Pictures stay out. Everything else in the listing below gets written out exactly.

**Dataset section:**
▼

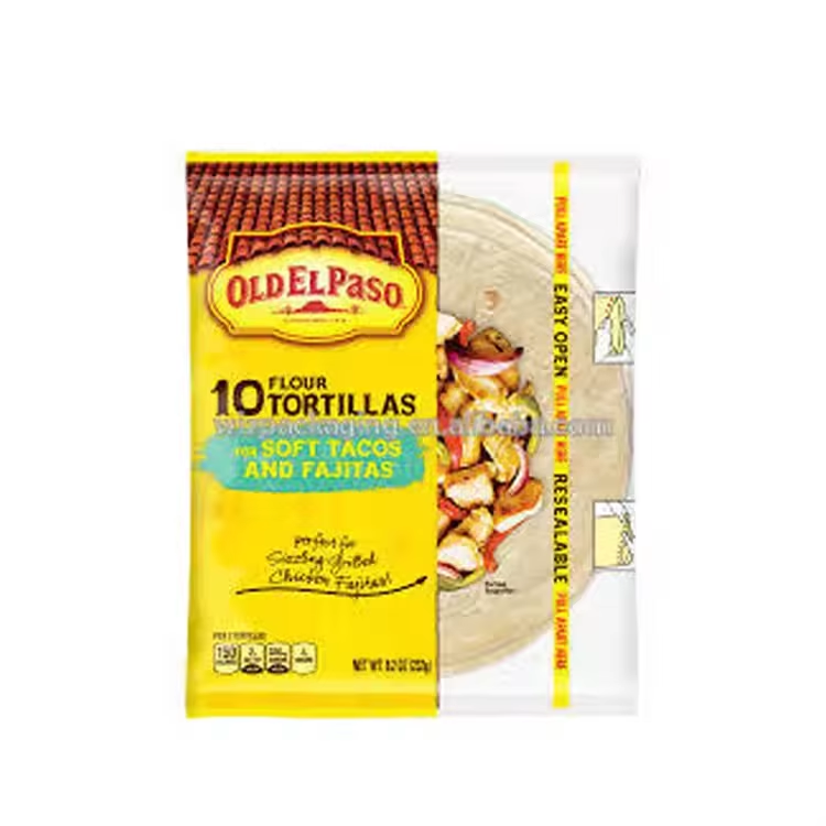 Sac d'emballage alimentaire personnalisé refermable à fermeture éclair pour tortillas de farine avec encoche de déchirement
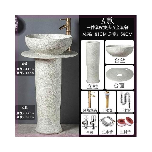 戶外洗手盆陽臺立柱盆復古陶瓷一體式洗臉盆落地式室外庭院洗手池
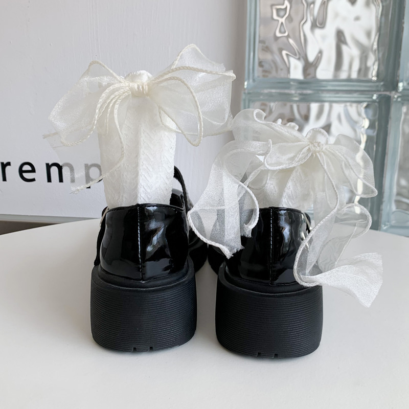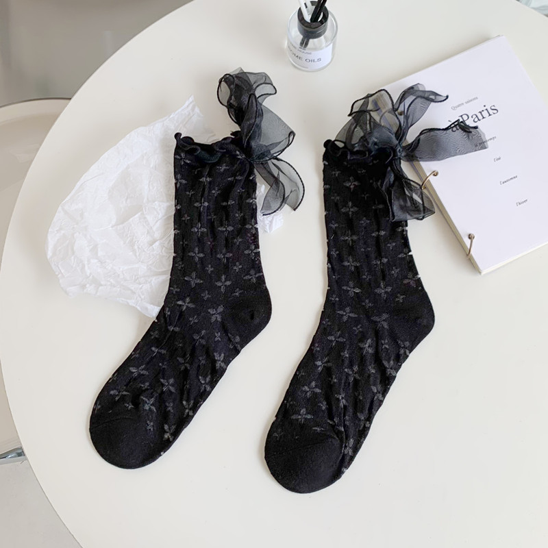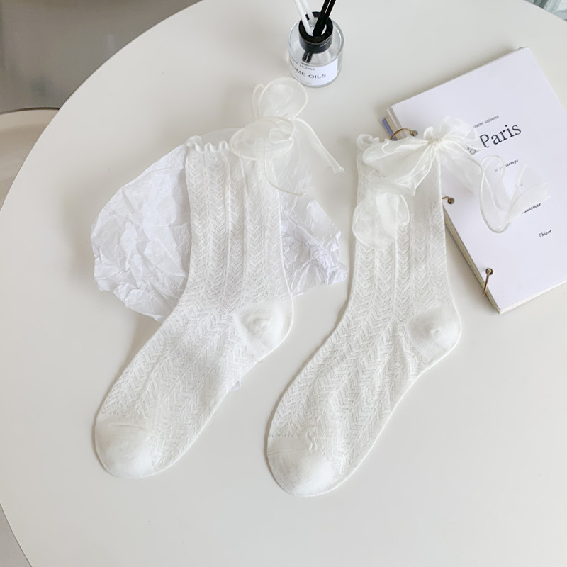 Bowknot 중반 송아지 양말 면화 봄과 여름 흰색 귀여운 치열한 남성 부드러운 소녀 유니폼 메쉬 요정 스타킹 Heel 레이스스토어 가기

▲

**Response:**
 Sac d'emballage alimentaire personnalisé refermable à fermeture éclair pour tortillas de farine avec encoche de déchirement
 戶外洗手盆陽臺立柱盆復古陶瓷一體式洗臉盆落地式室外庭院洗手池
 Bowknot 중반 송아지 양말 면화 봄과 여름 흰색 귀여운 치열한 남성 부드러운 소녀 유니폼 메쉬 요정 스타킹 Heel 레이스스토어 가기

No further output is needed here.